## Record excerpts
#####

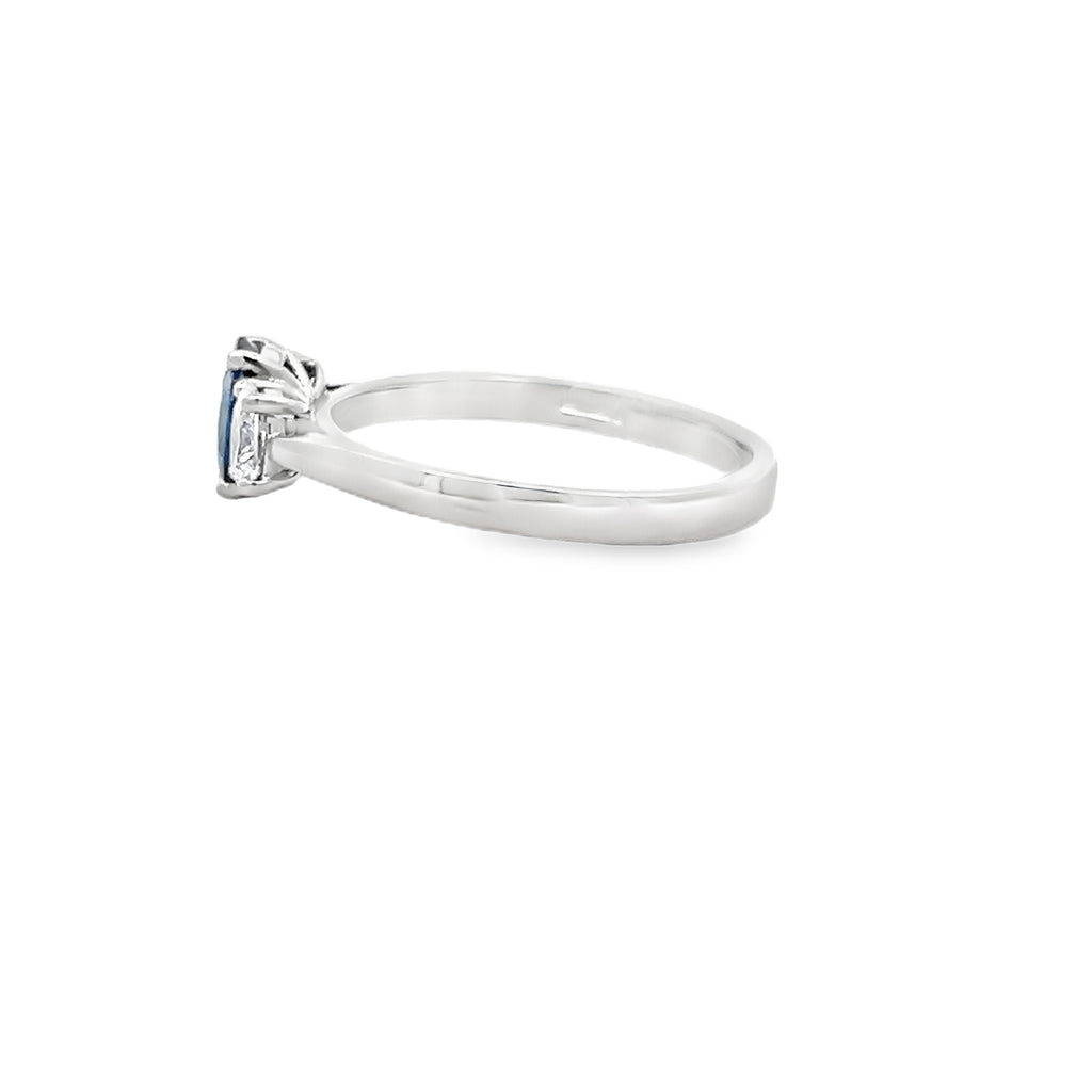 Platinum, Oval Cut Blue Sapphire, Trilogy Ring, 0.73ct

#####

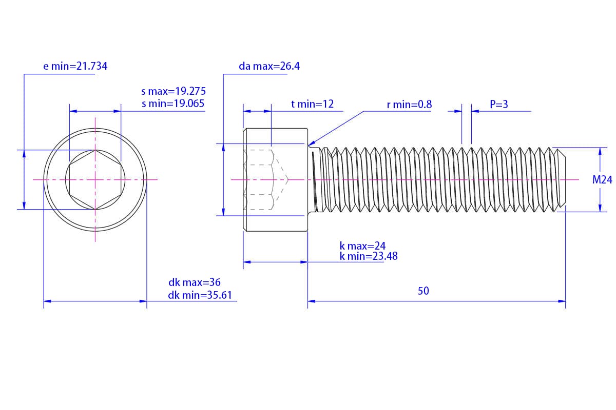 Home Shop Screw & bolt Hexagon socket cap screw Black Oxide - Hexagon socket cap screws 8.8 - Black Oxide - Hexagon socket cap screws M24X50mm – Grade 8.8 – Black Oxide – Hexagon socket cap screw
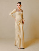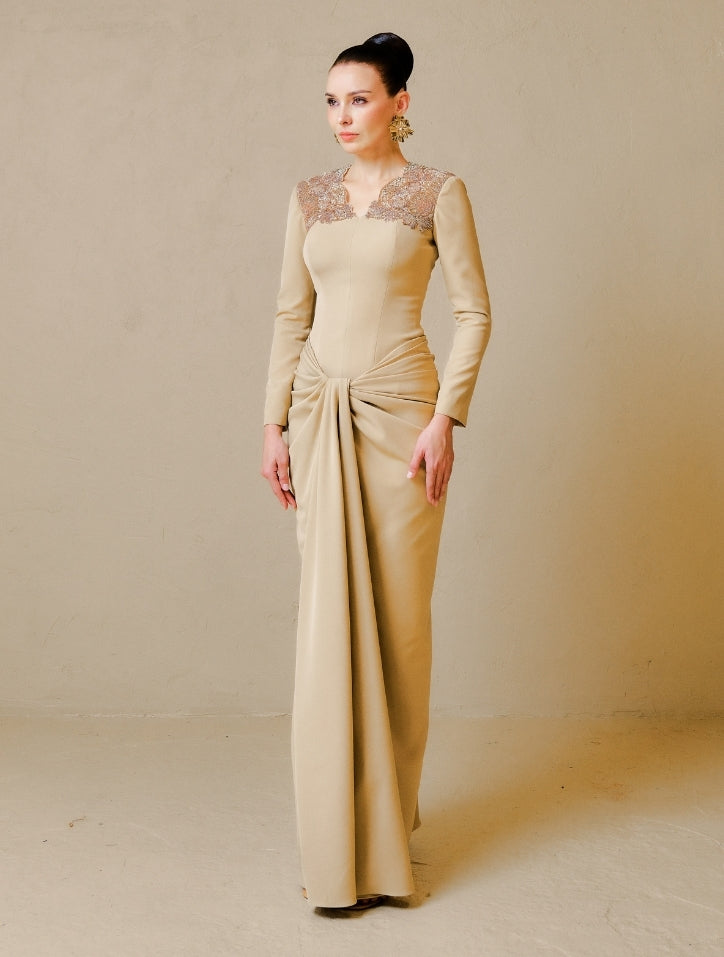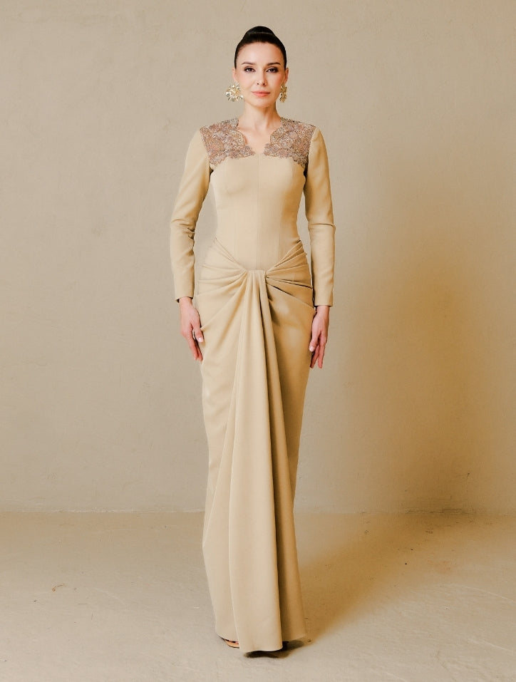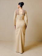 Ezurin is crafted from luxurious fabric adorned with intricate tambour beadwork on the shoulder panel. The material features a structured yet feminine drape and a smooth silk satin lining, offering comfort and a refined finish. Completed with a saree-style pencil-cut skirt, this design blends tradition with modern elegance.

#####

## Required action
Exercise for the records above: copy only the lines from the one with "Home Shop Screw" to the one with "Ezurin is crafted", both ends kept, and drop the pictures.

## Written answer
 Home Shop Screw & bolt Hexagon socket cap screw Black Oxide - Hexagon socket cap screws 8.8 - Black Oxide - Hexagon socket cap screws M24X50mm – Grade 8.8 – Black Oxide – Hexagon socket cap screw
 Ezurin is crafted from luxurious fabric adorned with intricate tambour beadwork on the shoulder panel. The material features a structured yet feminine drape and a smooth silk satin lining, offering comfort and a refined finish. Completed with a saree-style pencil-cut skirt, this design blends tradition with modern elegance.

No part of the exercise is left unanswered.